Ethan Hawke introduced Dickey’s performance with a touching personal speech that explained what he saw as the evening’s cosmic connection between poetry, theater and music: “Whether it was Hank Williams, Sam Shepard, John Malkovich or Steppenwolf, I wasn’t sure what dream I was chasing, but I knew that whatever they did, that was it,” Hawke said. Later, during his performance, Dickey told the story of being with Hawke in Canada in 2017 when they learned that Shepard had died, the events of which inspired Dickey’s Glimmer highlight “The Man With the Hammer.”
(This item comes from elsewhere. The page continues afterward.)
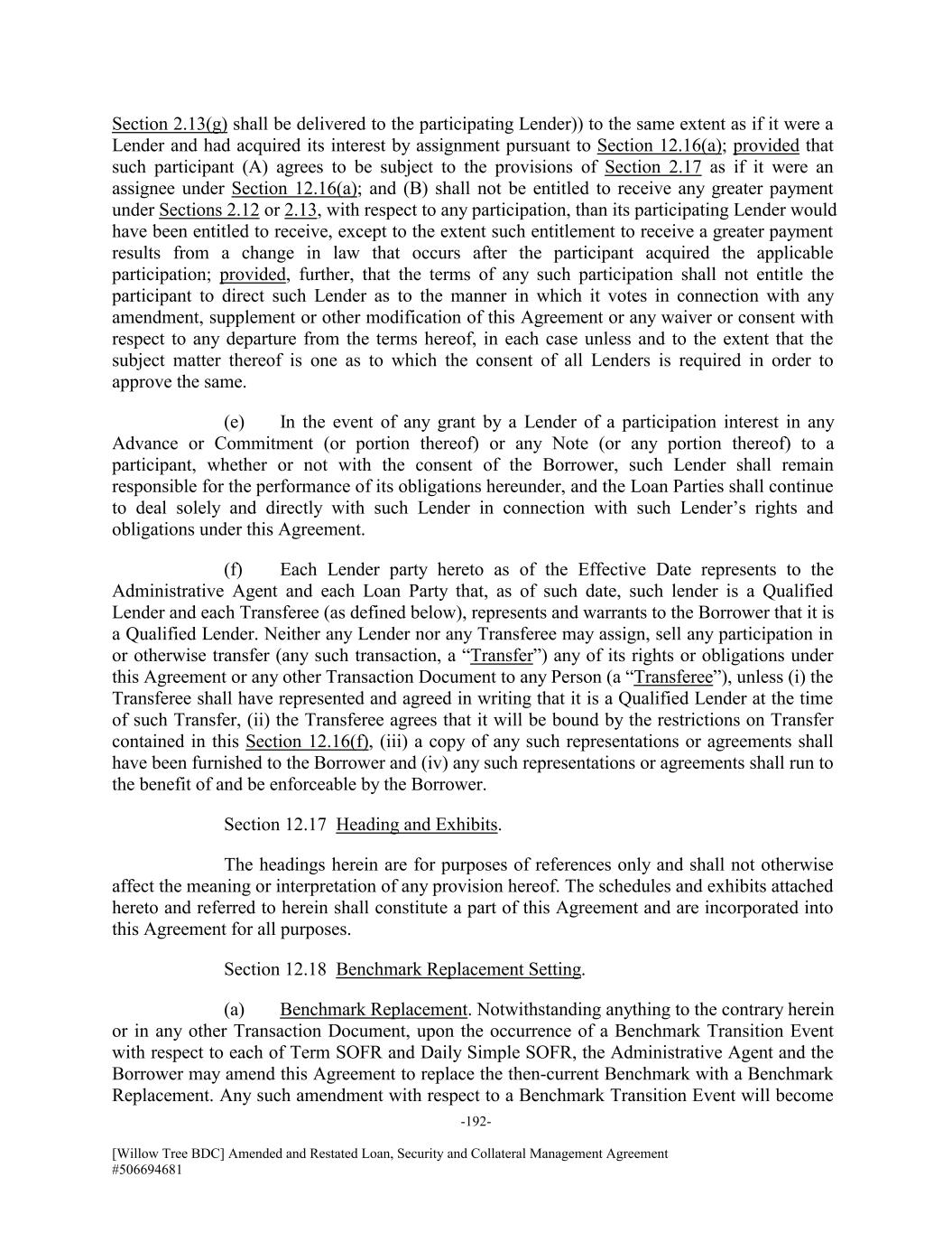 Section 2.13(g) shall be delivered to the participating Lender)) to the same extent as if it were a Lender and had acquired its interest by assignment pursuant to Section 12.16(a); provided that such participant (A) agrees to be subject to the provisions of Section 2.17 as if it were an assignee under Section 12.16(a); and (B) shall not be entitled to receive any greater payment under Sections 2.12 or 2.13, with respect to any participation, than its participating Lender would have been entitled to receive, except to the extent such entitlement to receive a greater payment results from a change in law that occurs after the participant acquired the applicable participation; provided, further, that the terms of any such participation shall not entitle the participant to direct such Lender as to the manner in which it votes in connection with any amendment, supplement or other modification of this Agreement or any waiver or consent with respect to any departure from the terms hereof, in each case unless and to the extent that the subject matter thereof is one as to which the consent of all Lenders is required in order to approve the same. (e) In the event of any grant by a Lender of a participation interest in any Advance or Commitment (or portion thereof) or any Note (or any portion thereof) to a participant, whether or not with the consent of the Borrower, such Lender shall remain responsible for the performance of its obligations hereunder, and the Loan Parties shall continue to deal solely and directly with such Lender in connection with such Lender’s rights and obligations under this Agreement. (f) Each Lender party hereto as of the Effective Date represents to the Administrative Agent and each Loan Party that, as of such date, such lender is a Qualified Lender and each Transferee (as defined below), represents and warrants to the Borrower that it is a Qualified Lender. Neither any Lender nor any Transferee may assign, sell any participation in or otherwise transfer (any such transaction, a “Transfer”) any of its rights or obligations under this Agreement or any other Transaction Document to any Person (a “Transferee”), unless (i) the Transferee shall have represented and agreed in writing that it is a Qualified Lender at the time of such Transfer, (ii) the Transferee agrees that it will be bound by the restrictions on Transfer contained in this Section 12.16(f), (iii) a copy of any such representations or agreements shall have been furnished to the Borrower and (iv) any such representations or agreements shall run to the benefit of and be enforceable by the Borrower. Section 12.17 Heading and Exhibits. The headings herein are for purposes of references only and shall not otherwise affect the meaning or interpretation of any provision hereof. The schedules and exhibits attached hereto and referred to herein shall constitute a part of this Agreement and are incorporated into this Agreement for all purposes. Section 12.18 Benchmark Replacement Setting. (a) Benchmark Replacement. Notwithstanding anything to the contrary herein or in any other Transaction Document, upon the occurrence of a Benchmark Transition Event with respect to each of Term SOFR and Daily Simple SOFR, the Administrative Agent and the Borrower may amend this Agreement to replace the then-current Benchmark with a Benchmark Replacement. Any such amendment with respect to a Benchmark Transition Event will become -192- [Willow Tree BDC] Amended and Restated Loan, Security and Collateral Management Agreement #506694681

Ethan Hawke, Ben Dicke, Charlie Sexton

Dickey’s five-piece rock and roll outfit served as a consummate party band during their hour-plus set, which culminated with a thrilling three-song run with Leithauser, who covered Leonard Cohen’s “Don’t Go Home With Your Hard-On,” the Rolling Stones’ “Crazy Mama” and LaVern Baker’s “Saved,” before Dickey ended the evening with a rowdy rendition of Roger Miller’s “King of the Road.”

“It’s really good to have an excuse to party,” Hawke told the crowd earlier in the evening, “And it’s very hard to say goodbye to a character. You spend years of your life warming up to try to really to do something with regards to stepping inside the shoes of another human being. It’s a very bizarre and weird thing to do, and one of the hardest things to do is to let go of it. So one of the ways to do that is to get extremely drunk and play music.”